◆ Records:
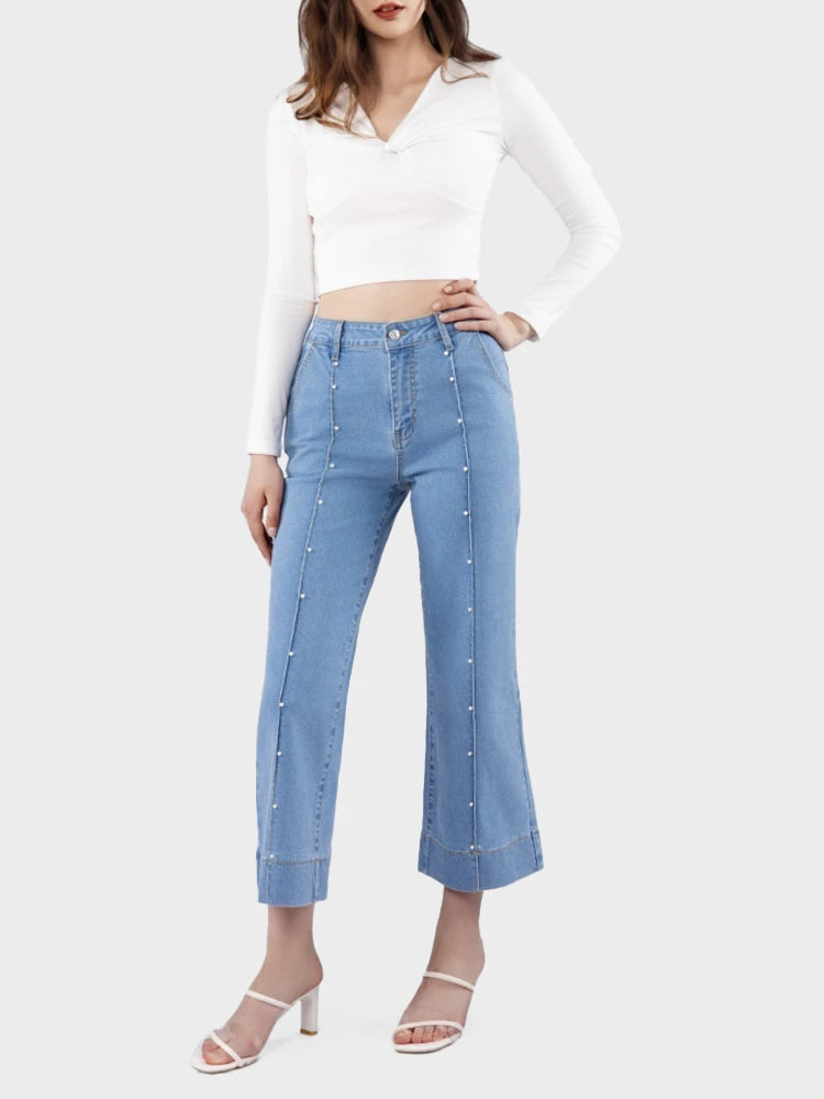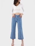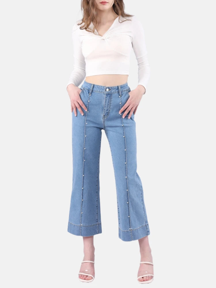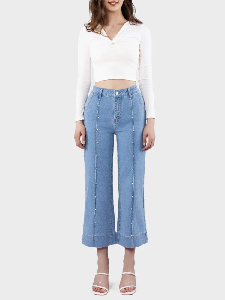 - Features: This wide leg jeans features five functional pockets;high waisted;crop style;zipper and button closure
--
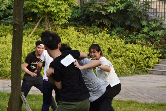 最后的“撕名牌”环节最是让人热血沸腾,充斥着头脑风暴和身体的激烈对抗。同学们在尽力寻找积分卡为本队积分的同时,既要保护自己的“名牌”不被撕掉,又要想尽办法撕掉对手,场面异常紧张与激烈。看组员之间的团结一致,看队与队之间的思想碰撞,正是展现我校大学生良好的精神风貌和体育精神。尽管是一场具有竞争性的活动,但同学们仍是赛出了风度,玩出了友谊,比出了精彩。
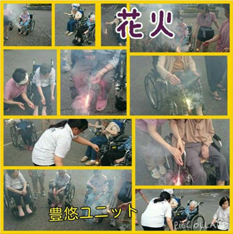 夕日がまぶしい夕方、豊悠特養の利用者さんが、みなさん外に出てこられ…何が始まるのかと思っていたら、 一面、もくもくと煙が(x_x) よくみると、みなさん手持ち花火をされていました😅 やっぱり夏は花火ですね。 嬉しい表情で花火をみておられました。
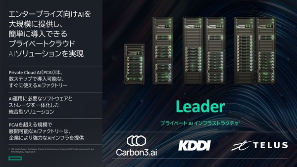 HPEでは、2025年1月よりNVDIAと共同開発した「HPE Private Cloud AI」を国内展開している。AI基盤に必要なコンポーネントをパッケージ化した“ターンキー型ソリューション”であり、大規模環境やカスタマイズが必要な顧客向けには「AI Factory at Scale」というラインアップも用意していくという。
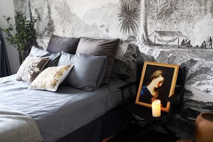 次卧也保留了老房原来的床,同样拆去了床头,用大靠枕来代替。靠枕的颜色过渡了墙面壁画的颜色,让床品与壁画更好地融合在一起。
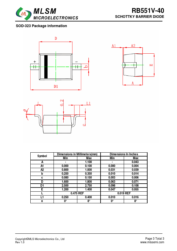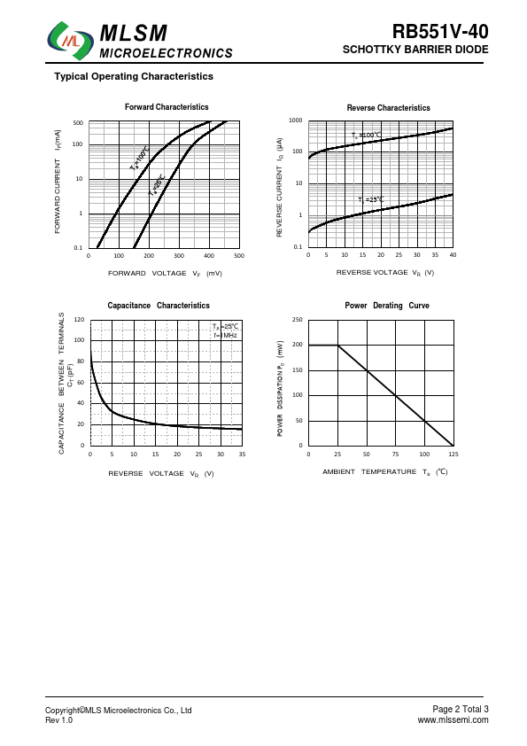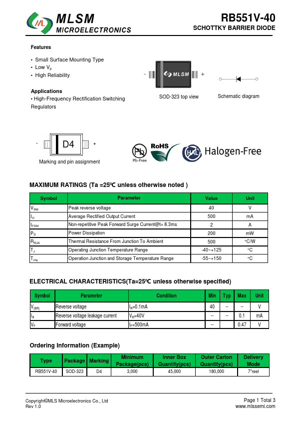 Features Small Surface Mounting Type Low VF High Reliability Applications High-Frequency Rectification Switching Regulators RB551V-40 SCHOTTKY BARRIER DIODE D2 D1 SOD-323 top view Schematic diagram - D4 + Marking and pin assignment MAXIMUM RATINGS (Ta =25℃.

◆ Action item:
The lines to reproduce run from the one above containing "よくみると、みなさん手持ち花火をされていました😅 やっぱり夏は花火ですね。 嬉しい表情で花火をみておられました。" through the one containing "Features Small Surface". Copy them exactly and leave out all pictures.

◆ Response area:
 夕日がまぶしい夕方、豊悠特養の利用者さんが、みなさん外に出てこられ…何が始まるのかと思っていたら、 一面、もくもくと煙が(x_x) よくみると、みなさん手持ち花火をされていました😅 やっぱり夏は花火ですね。 嬉しい表情で花火をみておられました。
 HPEでは、2025年1月よりNVDIAと共同開発した「HPE Private Cloud AI」を国内展開している。AI基盤に必要なコンポーネントをパッケージ化した“ターンキー型ソリューション”であり、大規模環境やカスタマイズが必要な顧客向けには「AI Factory at Scale」というラインアップも用意していくという。
 次卧也保留了老房原来的床,同样拆去了床头,用大靠枕来代替。靠枕的颜色过渡了墙面壁画的颜色,让床品与壁画更好地融合在一起。
 Features Small Surface Mounting Type Low VF High Reliability Applications High-Frequency Rectification Switching Regulators RB551V-40 SCHOTTKY BARRIER DIODE D2 D1 SOD-323 top view Schematic diagram - D4 + Marking and pin assignment MAXIMUM RATINGS (Ta =25℃.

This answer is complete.